## EXERCISE REQUIREMENTS
If an entry holds a picture, drop the picture but restate the entry word for word.

## Source records

+-------+

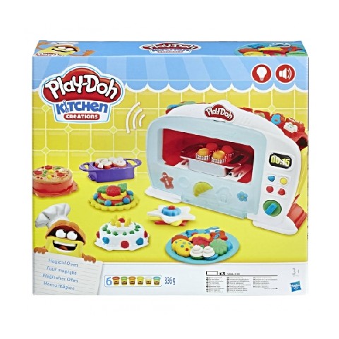 PD MAGICAL OVEN Hasbro Игровой набор Play-Doh "Чудо Печь" Приготовь свои любимые блюда с набором "Чудо Печь". Когда вы закроете дверь и поднимите рычаг, загорится подсветка в духовке и продукты будут выпекаться прямо как настоящие. Используя пластилин и различные аксессуары, ребёнок сможет создать восхитительные блюда: тортики, печенья и множество других вкусностей. Затем можно накрыть на стол, ведь в состав набора входят столовые приборы. Игровой набор "Чудо-печь" понравится всем юным кулинарам! Комплект поставки: Духовой шкаф, 5 насадок, аксессуары и 6 стандартных баночек пластилина. Рекомендуемый возраст: от 3 лет
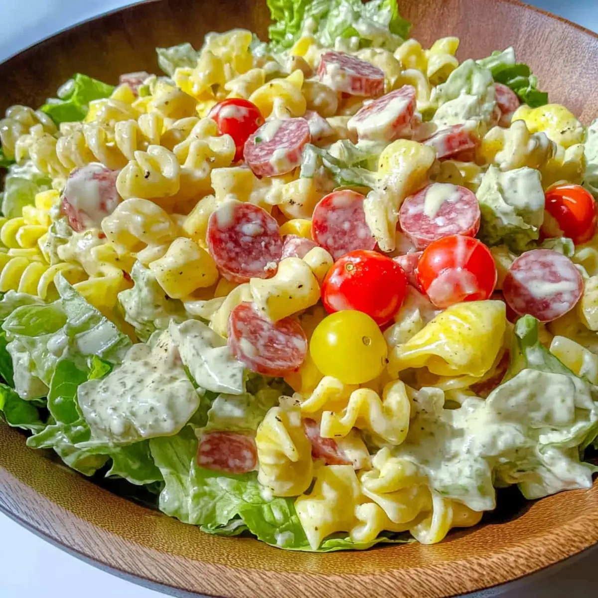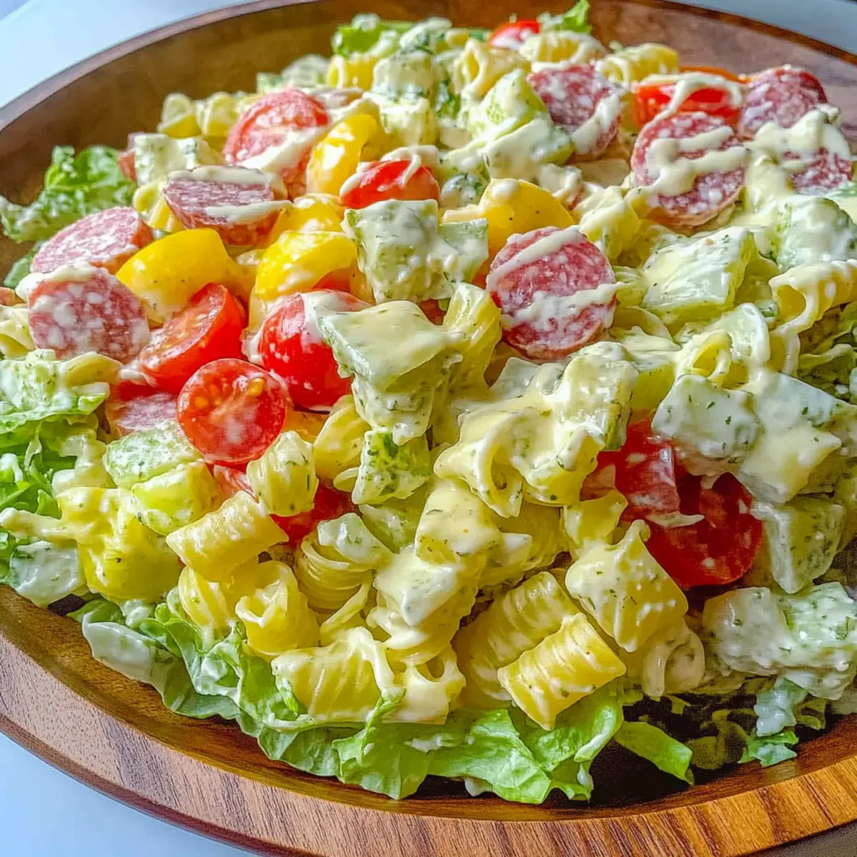 - In a large bowl, combine cooled pasta, lettuce, salami, cheese, tomatoes, cucumber, olives, and pepperoncini. Drizzle with olive juice and toss gently.
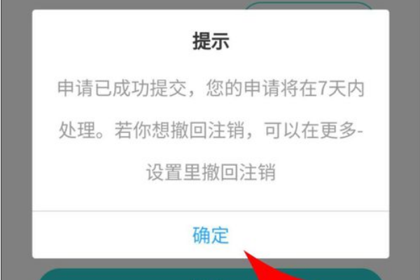 在“用户注销”界面中输入注册该账号的手机号码以及收到的验证码,点击下方的“提交”按钮,系统就会提醒,点击确定。
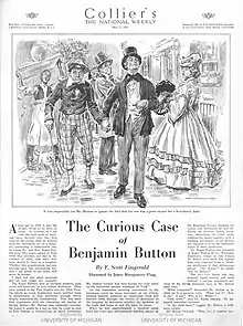 "The Curious Case of Benjamin Button" is a short story written by F. Scott Fitzgerald. First published in Collier's Magazine on May 27, 1922 with the cover and illustrations by James Montgomery Flagg. It was subsequently anthologized in Fitzgerald's book Tales of the Jazz Age, which is occasionally published as The Curious Case of Benjamin Button and Other Jazz Age Stories.[1]
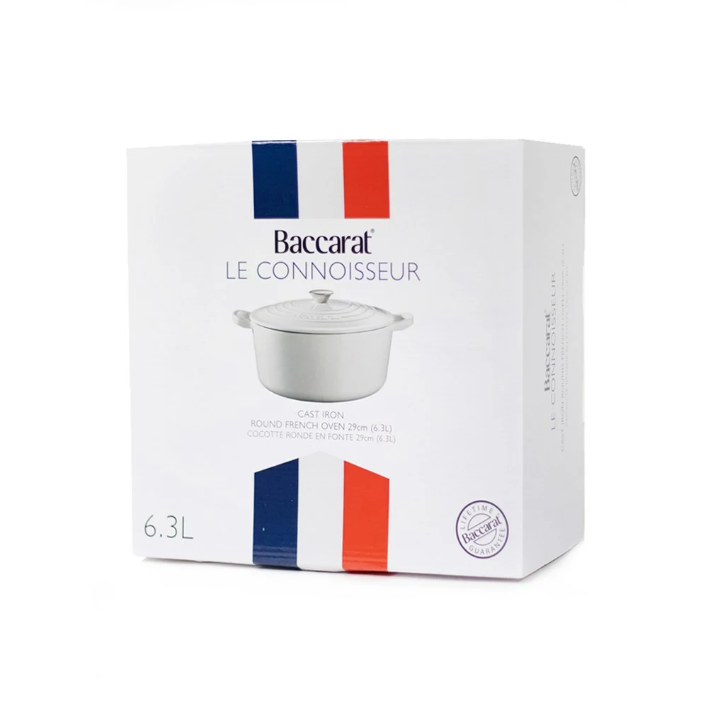 French inspired slow cooking is made easy with the Baccarat Le Connoisseur Round French Oven with Lid White 29cm 6.3L. The Le Connoisseur range uses cast iron due it being one of the best materials for retaining, conducting and distributing heat evenly, plus it?s suitable for all cooktops including induction. The heavy thickness of the body and lid is designed to encase the heat around the food for exceptional cooking results. Le Connoisseur features generously sized handles that ensures each piece is easy to hold and carry. The Baccarat Le Connoisseur Round French Oven with Lid White 29cm 6.3L has been designed to be transferred directly from oven to cooktop to table. Enjoy the rustic style and brilliant cooking properties of this beautiful cast iron cookware.

+-------+

## TASK ANSWER
 PD MAGICAL OVEN Hasbro Игровой набор Play-Doh "Чудо Печь" Приготовь свои любимые блюда с набором "Чудо Печь". Когда вы закроете дверь и поднимите рычаг, загорится подсветка в духовке и продукты будут выпекаться прямо как настоящие. Используя пластилин и различные аксессуары, ребёнок сможет создать восхитительные блюда: тортики, печенья и множество других вкусностей. Затем можно накрыть на стол, ведь в состав набора входят столовые приборы. Игровой набор "Чудо-печь" понравится всем юным кулинарам! Комплект поставки: Духовой шкаф, 5 насадок, аксессуары и 6 стандартных баночек пластилина. Рекомендуемый возраст: от 3 лет
 - In a large bowl, combine cooled pasta, lettuce, salami, cheese, tomatoes, cucumber, olives, and pepperoncini. Drizzle with olive juice and toss gently.
 在“用户注销”界面中输入注册该账号的手机号码以及收到的验证码,点击下方的“提交”按钮,系统就会提醒,点击确定。
 "The Curious Case of Benjamin Button" is a short story written by F. Scott Fitzgerald. First published in Collier's Magazine on May 27, 1922 with the cover and illustrations by James Montgomery Flagg. It was subsequently anthologized in Fitzgerald's book Tales of the Jazz Age, which is occasionally published as The Curious Case of Benjamin Button and Other Jazz Age Stories.[1]
 French inspired slow cooking is made easy with the Baccarat Le Connoisseur Round French Oven with Lid White 29cm 6.3L. The Le Connoisseur range uses cast iron due it being one of the best materials for retaining, conducting and distributing heat evenly, plus it?s suitable for all cooktops including induction. The heavy thickness of the body and lid is designed to encase the heat around the food for exceptional cooking results. Le Connoisseur features generously sized handles that ensures each piece is easy to hold and carry. The Baccarat Le Connoisseur Round French Oven with Lid White 29cm 6.3L has been designed to be transferred directly from oven to cooktop to table. Enjoy the rustic style and brilliant cooking properties of this beautiful cast iron cookware.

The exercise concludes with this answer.